## EXERCISE
Starting at the line that holds "Our versatile Mothesty", restate every line word for word up to and including the last one in the listing below, and omit all pictures.

* * * *

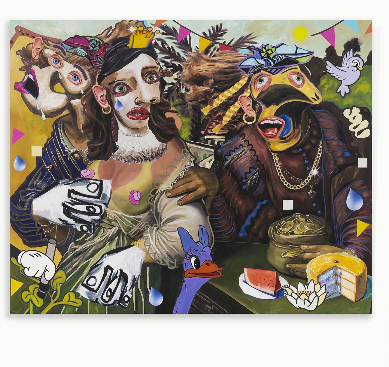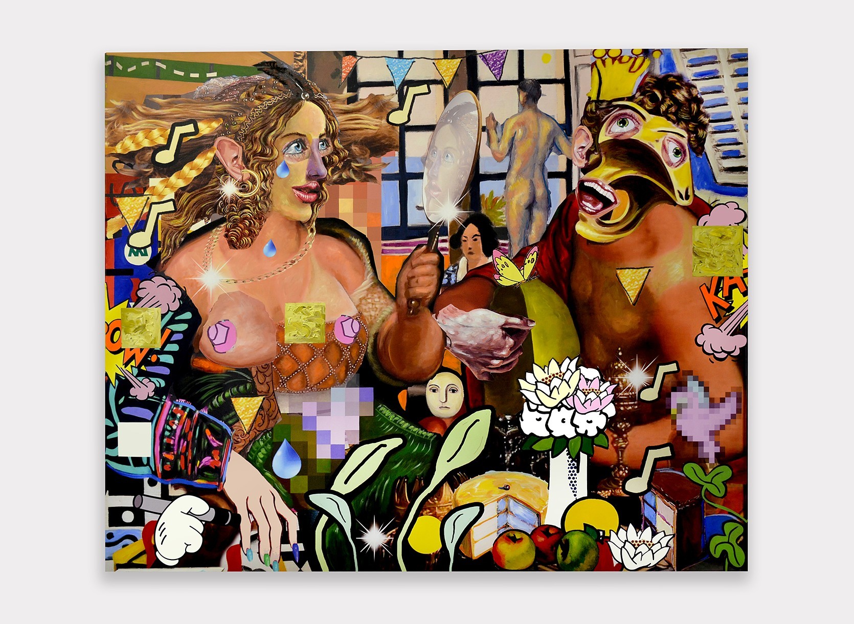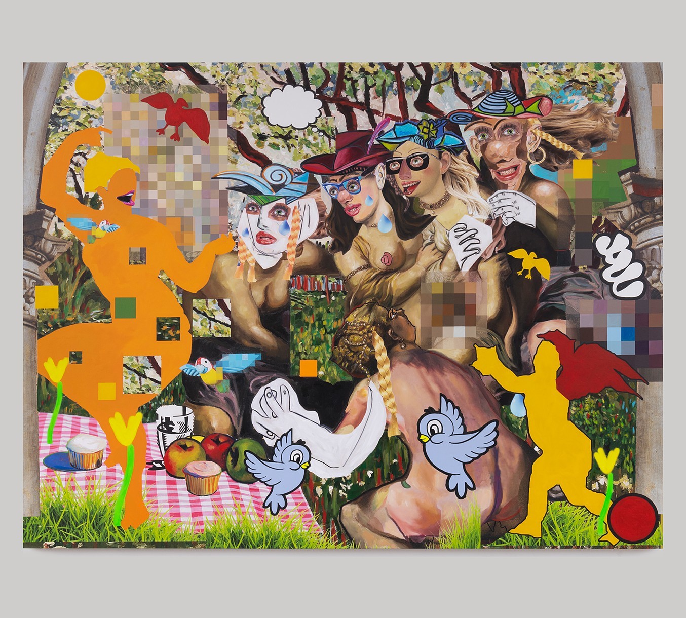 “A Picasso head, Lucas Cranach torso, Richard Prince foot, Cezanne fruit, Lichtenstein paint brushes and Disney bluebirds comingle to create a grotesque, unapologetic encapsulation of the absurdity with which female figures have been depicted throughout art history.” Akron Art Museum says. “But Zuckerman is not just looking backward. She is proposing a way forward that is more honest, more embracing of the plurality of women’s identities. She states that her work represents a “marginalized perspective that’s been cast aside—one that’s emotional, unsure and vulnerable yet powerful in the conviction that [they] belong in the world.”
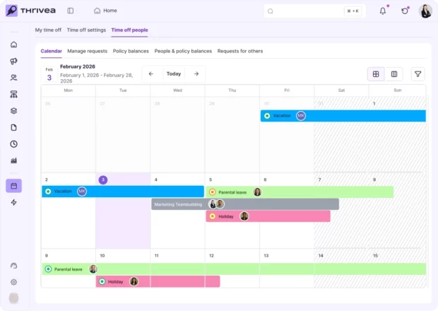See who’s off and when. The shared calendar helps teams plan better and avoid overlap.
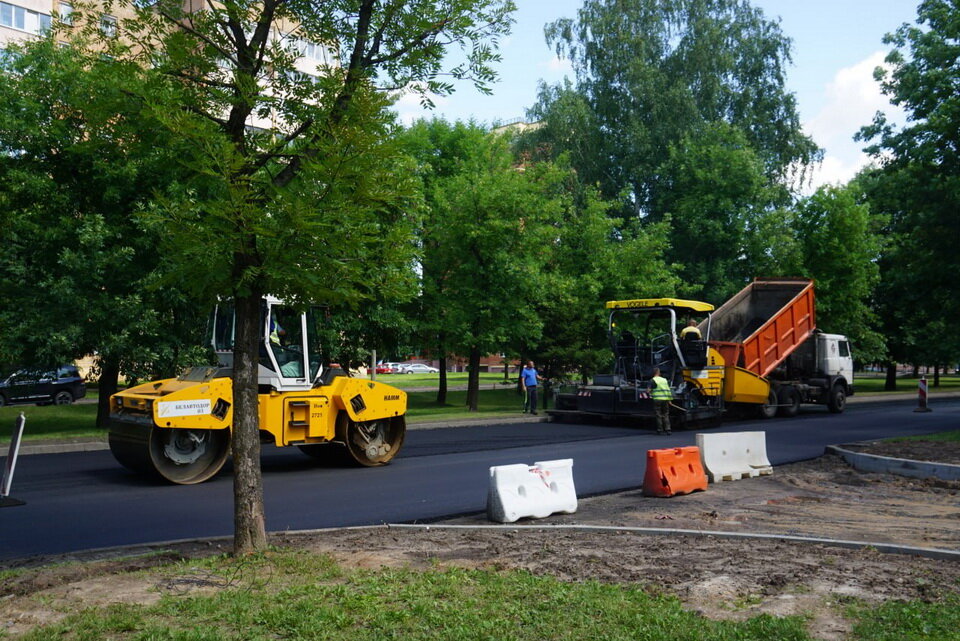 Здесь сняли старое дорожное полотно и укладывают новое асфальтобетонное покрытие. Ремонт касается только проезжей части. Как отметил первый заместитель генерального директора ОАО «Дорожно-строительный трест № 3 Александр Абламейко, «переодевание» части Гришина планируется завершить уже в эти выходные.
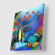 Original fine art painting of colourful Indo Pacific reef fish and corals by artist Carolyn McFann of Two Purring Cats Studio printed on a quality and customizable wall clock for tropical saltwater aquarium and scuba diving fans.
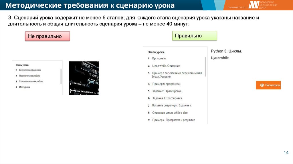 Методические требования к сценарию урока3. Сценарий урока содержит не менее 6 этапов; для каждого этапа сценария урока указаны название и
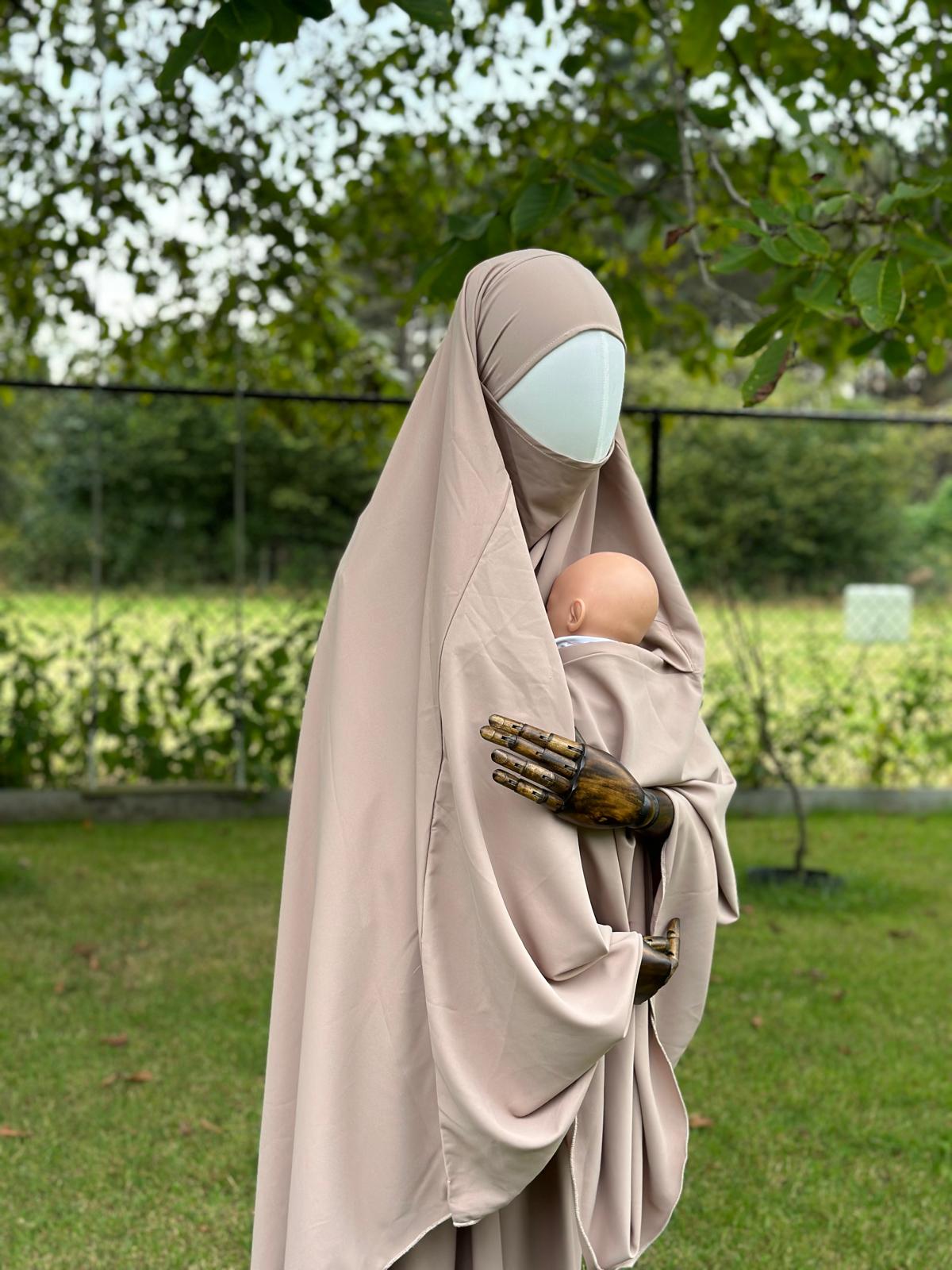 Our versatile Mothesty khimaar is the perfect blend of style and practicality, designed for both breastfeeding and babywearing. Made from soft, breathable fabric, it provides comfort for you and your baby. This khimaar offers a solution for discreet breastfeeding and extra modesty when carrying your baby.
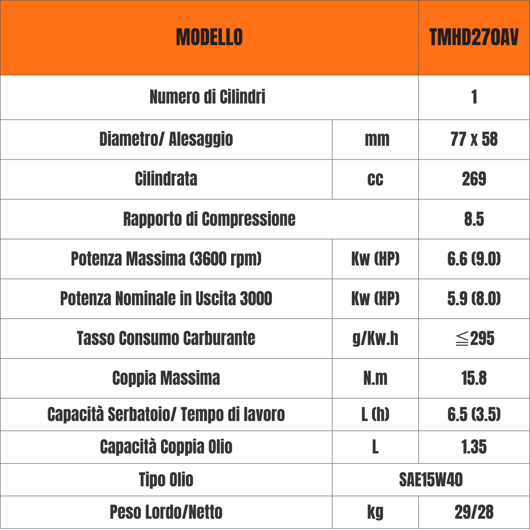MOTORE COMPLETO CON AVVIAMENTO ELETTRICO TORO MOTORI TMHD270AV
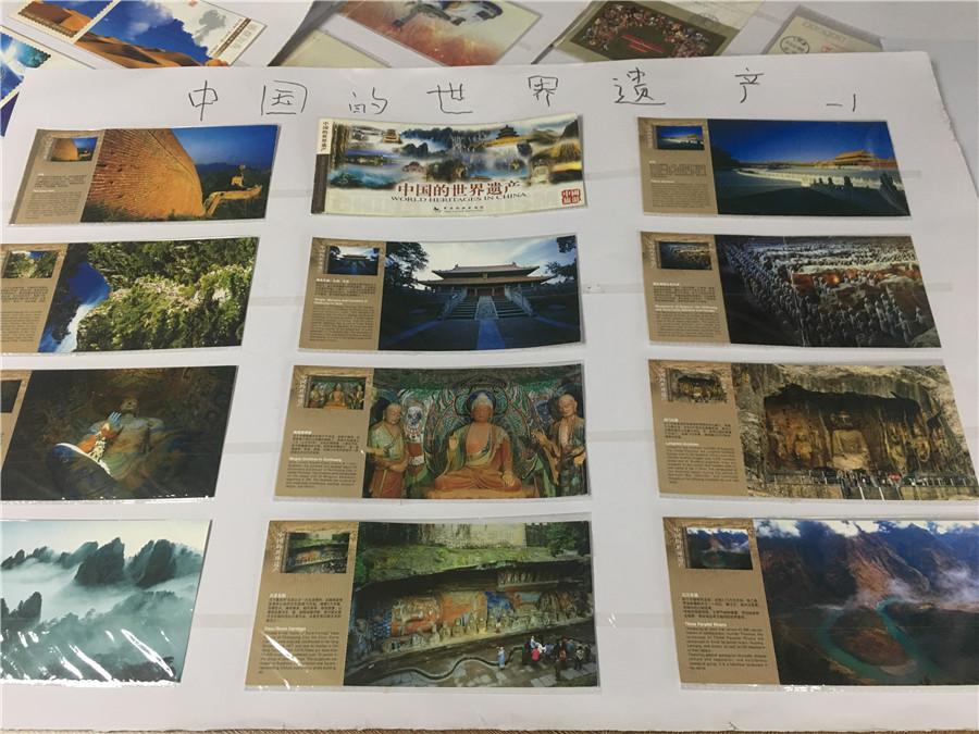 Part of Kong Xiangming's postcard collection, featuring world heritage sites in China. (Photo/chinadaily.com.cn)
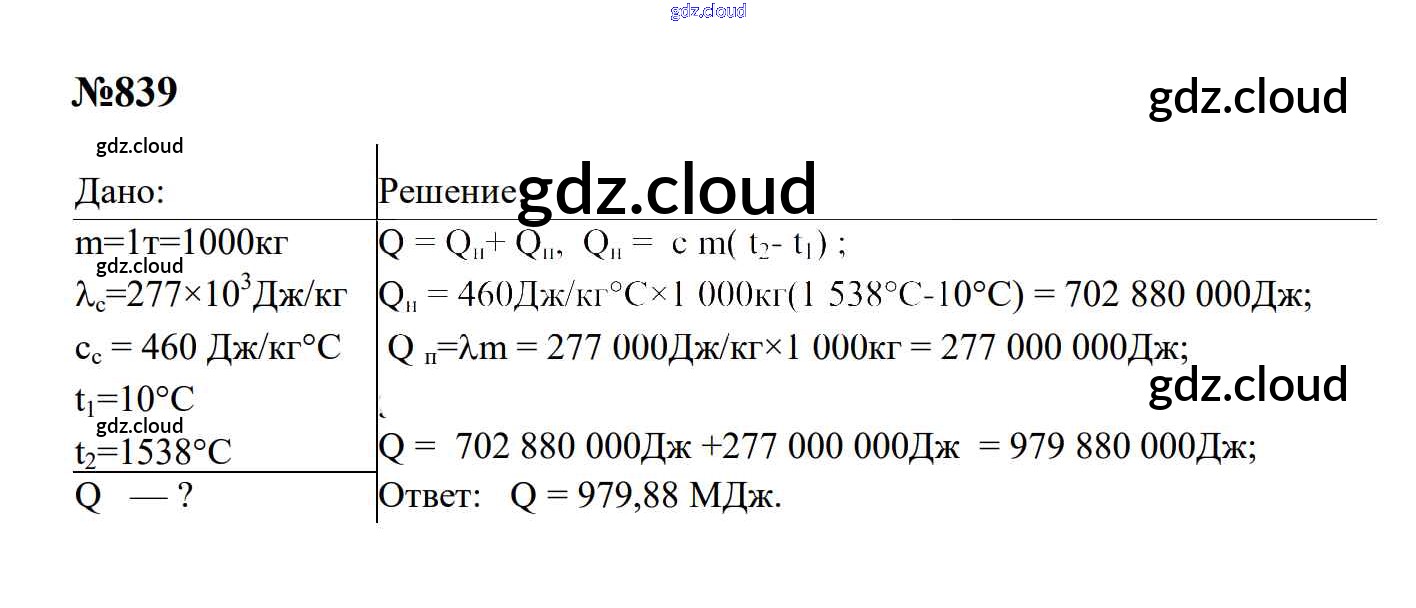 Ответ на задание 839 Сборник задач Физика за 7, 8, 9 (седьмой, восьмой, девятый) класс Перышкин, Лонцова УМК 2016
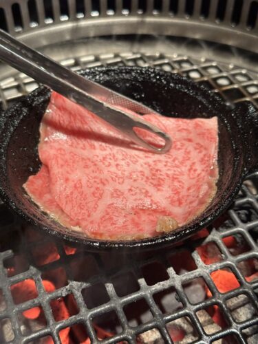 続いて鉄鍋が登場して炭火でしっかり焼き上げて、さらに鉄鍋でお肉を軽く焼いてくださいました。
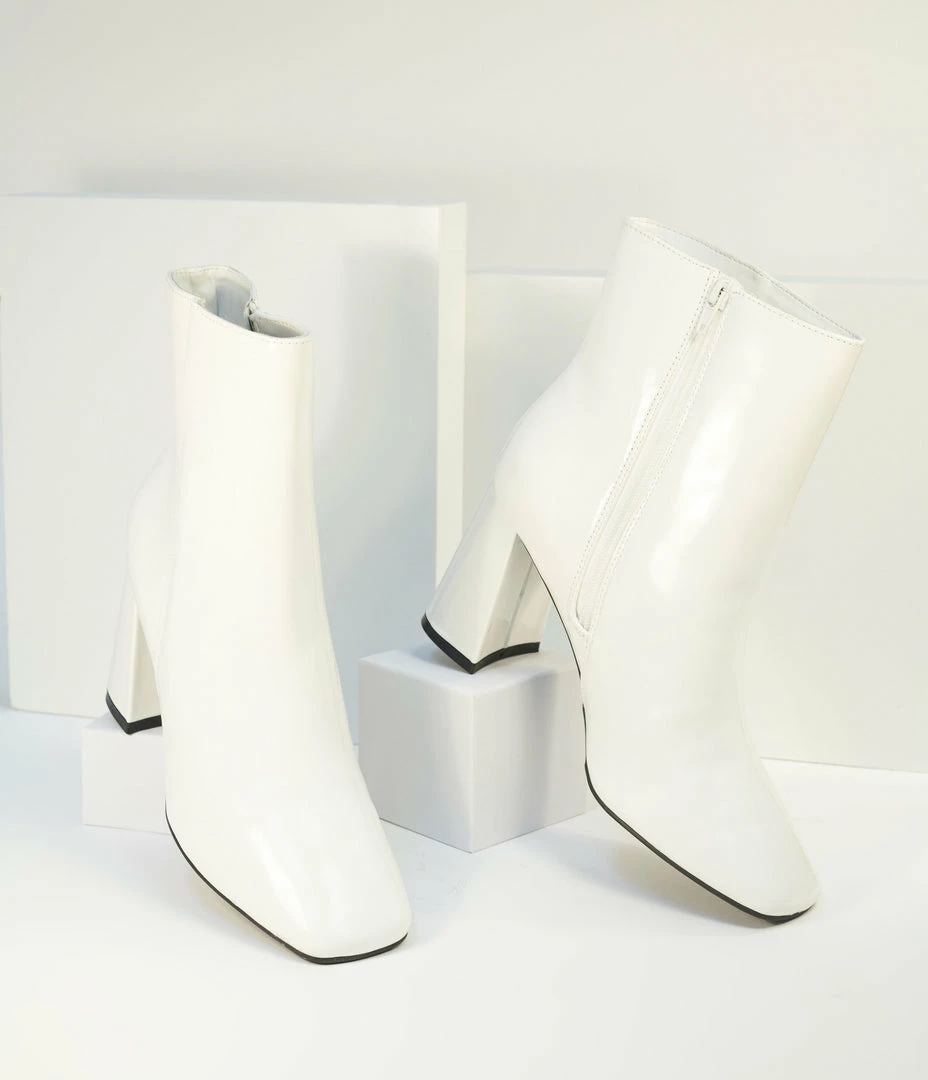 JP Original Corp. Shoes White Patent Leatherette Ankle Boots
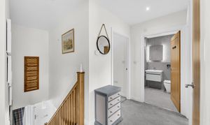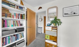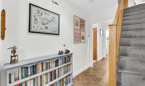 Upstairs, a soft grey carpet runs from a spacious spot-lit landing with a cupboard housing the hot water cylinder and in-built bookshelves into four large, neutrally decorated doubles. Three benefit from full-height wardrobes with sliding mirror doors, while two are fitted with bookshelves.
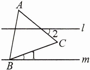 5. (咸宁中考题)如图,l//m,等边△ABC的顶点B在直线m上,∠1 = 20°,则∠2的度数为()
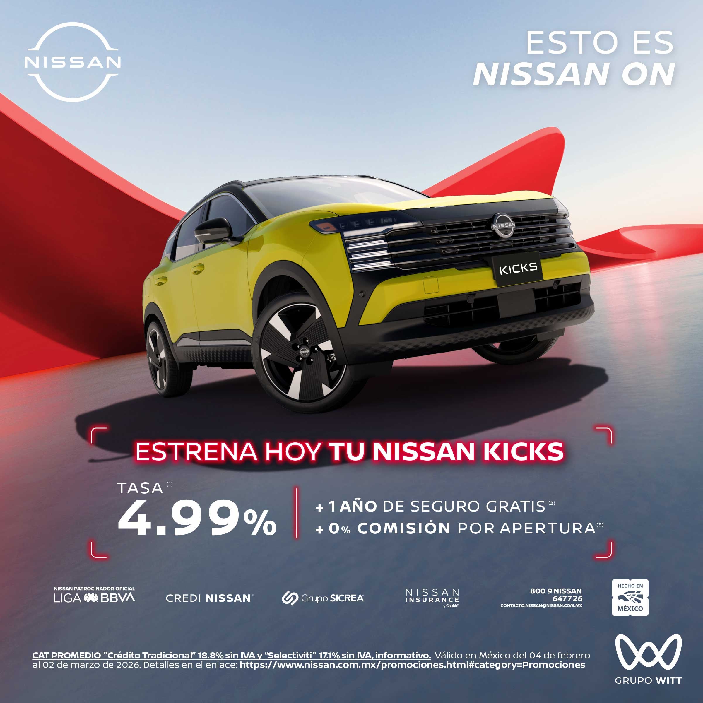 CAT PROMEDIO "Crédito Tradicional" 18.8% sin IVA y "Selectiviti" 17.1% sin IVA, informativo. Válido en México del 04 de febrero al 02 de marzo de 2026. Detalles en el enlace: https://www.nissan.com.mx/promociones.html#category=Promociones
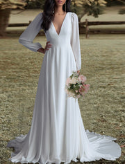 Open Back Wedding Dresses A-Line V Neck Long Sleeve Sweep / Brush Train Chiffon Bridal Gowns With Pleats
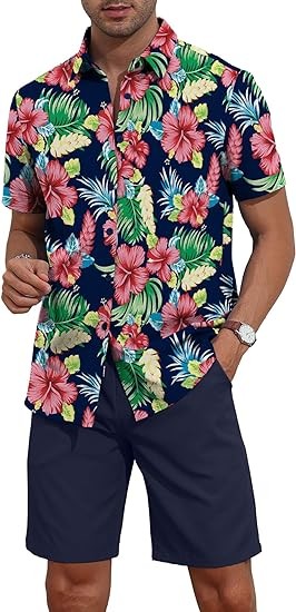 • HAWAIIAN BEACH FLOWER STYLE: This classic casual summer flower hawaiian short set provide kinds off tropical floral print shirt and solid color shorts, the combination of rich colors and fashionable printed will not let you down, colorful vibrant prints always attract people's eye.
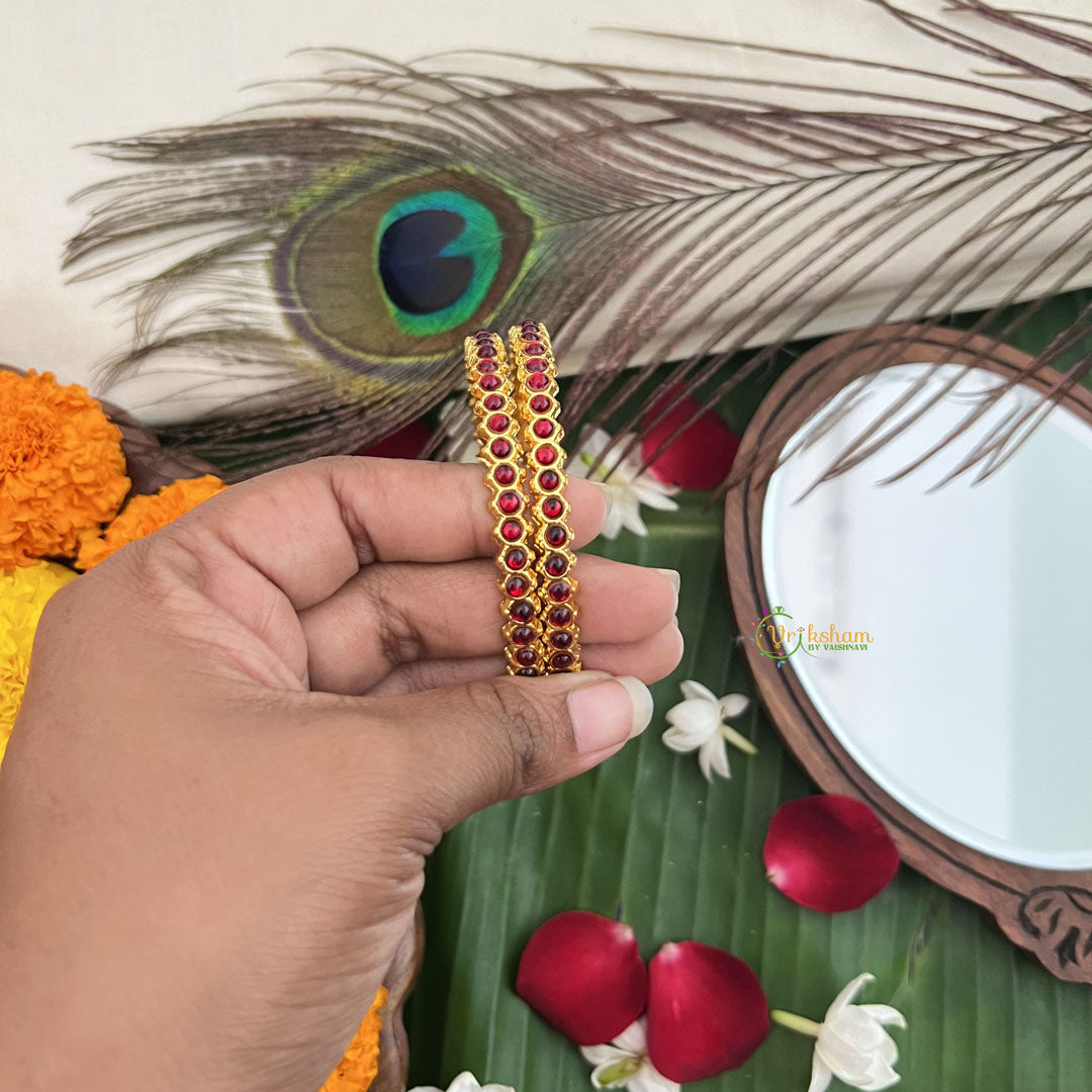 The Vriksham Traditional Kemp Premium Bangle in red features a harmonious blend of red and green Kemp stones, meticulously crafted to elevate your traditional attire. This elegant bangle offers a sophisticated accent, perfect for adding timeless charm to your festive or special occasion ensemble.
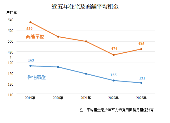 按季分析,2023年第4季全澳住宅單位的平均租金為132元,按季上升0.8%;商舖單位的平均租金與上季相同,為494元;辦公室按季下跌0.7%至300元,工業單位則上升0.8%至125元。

* * * *

## RESPONSE
 Our versatile Mothesty khimaar is the perfect blend of style and practicality, designed for both breastfeeding and babywearing. Made from soft, breathable fabric, it provides comfort for you and your baby. This khimaar offers a solution for discreet breastfeeding and extra modesty when carrying your baby.
MOTORE COMPLETO CON AVVIAMENTO ELETTRICO TORO MOTORI TMHD270AV
 Part of Kong Xiangming's postcard collection, featuring world heritage sites in China. (Photo/chinadaily.com.cn)
 Ответ на задание 839 Сборник задач Физика за 7, 8, 9 (седьмой, восьмой, девятый) класс Перышкин, Лонцова УМК 2016
 続いて鉄鍋が登場して炭火でしっかり焼き上げて、さらに鉄鍋でお肉を軽く焼いてくださいました。
 JP Original Corp. Shoes White Patent Leatherette Ankle Boots
 Upstairs, a soft grey carpet runs from a spacious spot-lit landing with a cupboard housing the hot water cylinder and in-built bookshelves into four large, neutrally decorated doubles. Three benefit from full-height wardrobes with sliding mirror doors, while two are fitted with bookshelves.
 5. (咸宁中考题)如图,l//m,等边△ABC的顶点B在直线m上,∠1 = 20°,则∠2的度数为()
 CAT PROMEDIO "Crédito Tradicional" 18.8% sin IVA y "Selectiviti" 17.1% sin IVA, informativo. Válido en México del 04 de febrero al 02 de marzo de 2026. Detalles en el enlace: https://www.nissan.com.mx/promociones.html#category=Promociones
 Open Back Wedding Dresses A-Line V Neck Long Sleeve Sweep / Brush Train Chiffon Bridal Gowns With Pleats
 • HAWAIIAN BEACH FLOWER STYLE: This classic casual summer flower hawaiian short set provide kinds off tropical floral print shirt and solid color shorts, the combination of rich colors and fashionable printed will not let you down, colorful vibrant prints always attract people's eye.
 The Vriksham Traditional Kemp Premium Bangle in red features a harmonious blend of red and green Kemp stones, meticulously crafted to elevate your traditional attire. This elegant bangle offers a sophisticated accent, perfect for adding timeless charm to your festive or special occasion ensemble.
 按季分析,2023年第4季全澳住宅單位的平均租金為132元,按季上升0.8%;商舖單位的平均租金與上季相同,為494元;辦公室按季下跌0.7%至300元,工業單位則上升0.8%至125元。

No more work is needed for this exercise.